Running the Deno doc command, prints the function's JSDoc comment to stdout:

deno doc add.ts
function add(x: number, y: number): number
Adds x and y. @param {number} x @param {number} y @returns {number} Sum of x and y

Linting

You can use --lint flag to check for problems in your documentation while it's being generated. deno doc will point out three kinds of problems:

  1. Error for an exported type from the root module referencing a non-exported type.
    • Ensures API consumers have access to all the types the API uses. This can be suppressed by exporting the type from a root module (one of the files specified to deno doc on the command line) or by marking the type with an @internal jsdoc tag.
  2. Error for missing return type or property type on a public type.
    • Ensures deno doc displays the return/property type and helps improve type checking performance.
  3. Error for missing JS doc comment on a public type.
    • Ensures the code is documented. Can be suppressed by adding a jsdoc comment, or via an @ignore jsdoc tag to exclude it from the documentation. Alternatively, add an @internal tag to keep it in the docs, but signify it's internal.

For example:

/mod.ts
interface Person {
name: string;
// ...
}

export function getName(person: Person) {
return person.name;
}
$ deno doc --lint mod.ts
Type 'getName' references type 'Person' which is not exported from a root module.
Missing JS documentation comment.
Missing return type.
at file:///mod.ts:6:1

These lints are meant to help you write better documentation and speed up type-checking in your projects.
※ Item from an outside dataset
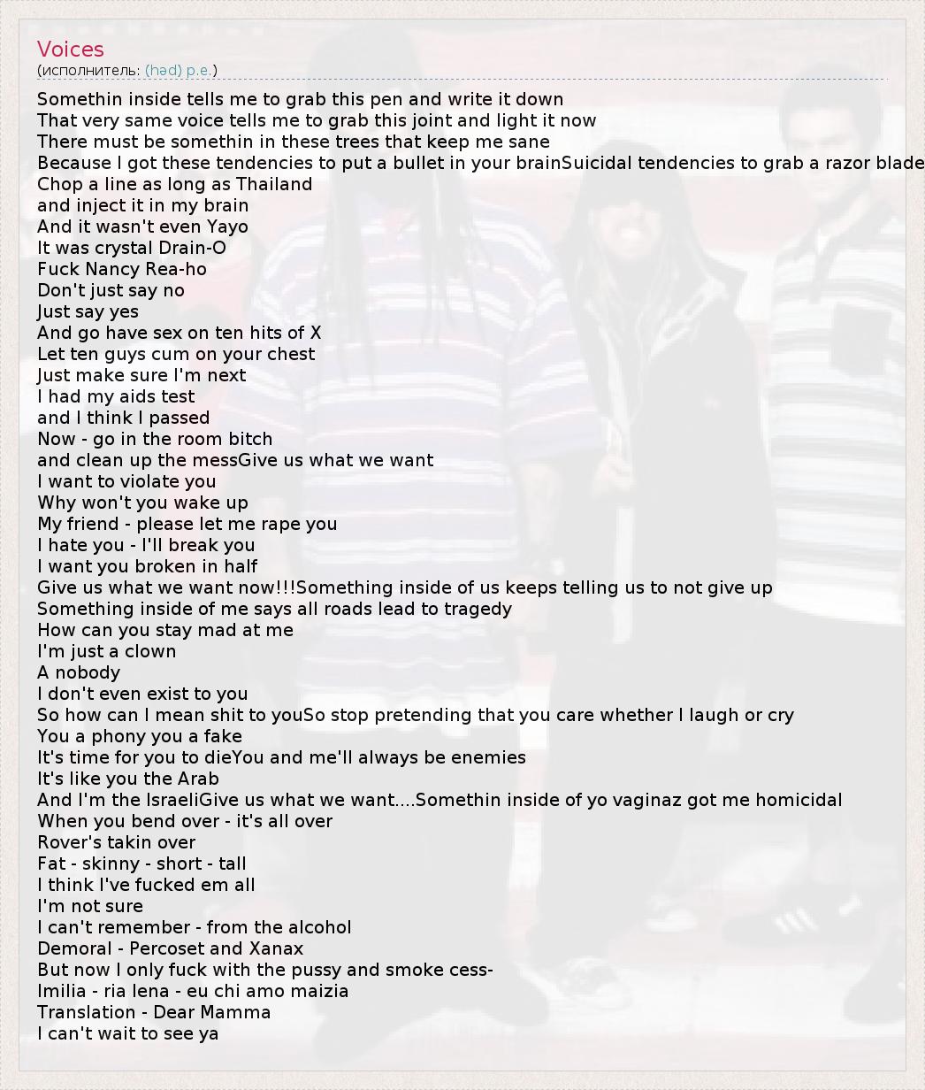 Somethin inside tells me to grab this pen and write it down That very same voice tells me to grab this joint and light it now There must be somethin in these trees that keep me sane Because I got these tendencies to put a bullet in your brainSuicidal tendencies to grab a razor blade Chop a line as long as Thailand and inject it in my brain And it wasn't even Yayo It was crystal Drain-O Fuck Nancy Rea-ho Don't just say no Just say yes And go have sex on ten hits of X Let ten guys cum on your chest Just make sure I'm next I had my aids test and I think I passed Now - go in the room bitch and clean up the messGive us what we want I want to violate you Why won't you wake up My friend - please let me rape you I hate you - I'll break you I want you broken in half Give us what we want now!!!Something inside of us keeps telling us to not give up Something inside of me says all roads lead to tragedy How can you stay mad at me I'm just a clown A nobody I don't even exist to you So how can I mean shit to youSo stop pretending that you care whether I laugh or cry You a phony you a fake It's time for you to dieYou and me'll always be enemies It's like you the Arab And I'm the IsraeliGive us what we want....Somethin inside of yo vaginaz got me homicidal When you bend over - it's all over Rover's takin over Fat - skinny - short - tall I think I've fucked em all I'm not sure I can't remember - from the alcohol Demoral - Percoset and Xanax But now I only fuck with the pussy and smoke cess- Imilia - ria lena - eu chi amo maizia Translation - Dear Mamma I can't wait to see ya

If any problems are found, the program exits with non-zero exit code and the output is reported to standard error.

HTML output

Use the --html flag to generate a static site with documentation.

$ deno doc --html --name="My library" ./mod.ts

$ deno doc --html --name="My library" --output=./documentation/ ./mod.ts

$ deno doc --html --name="My library" ./sub1/mod.ts ./sub2/mod.ts

The generated documentation is a static site with multiple pages that can be deployed to any static site hosting service.

A client-side search is included in the generated site, but is not available if user's browser has JavaScript disabled.

JSON output

Use the --json flag to output the documentation in JSON format. This JSON format is consumed by the deno doc website and is used to generate module documentation.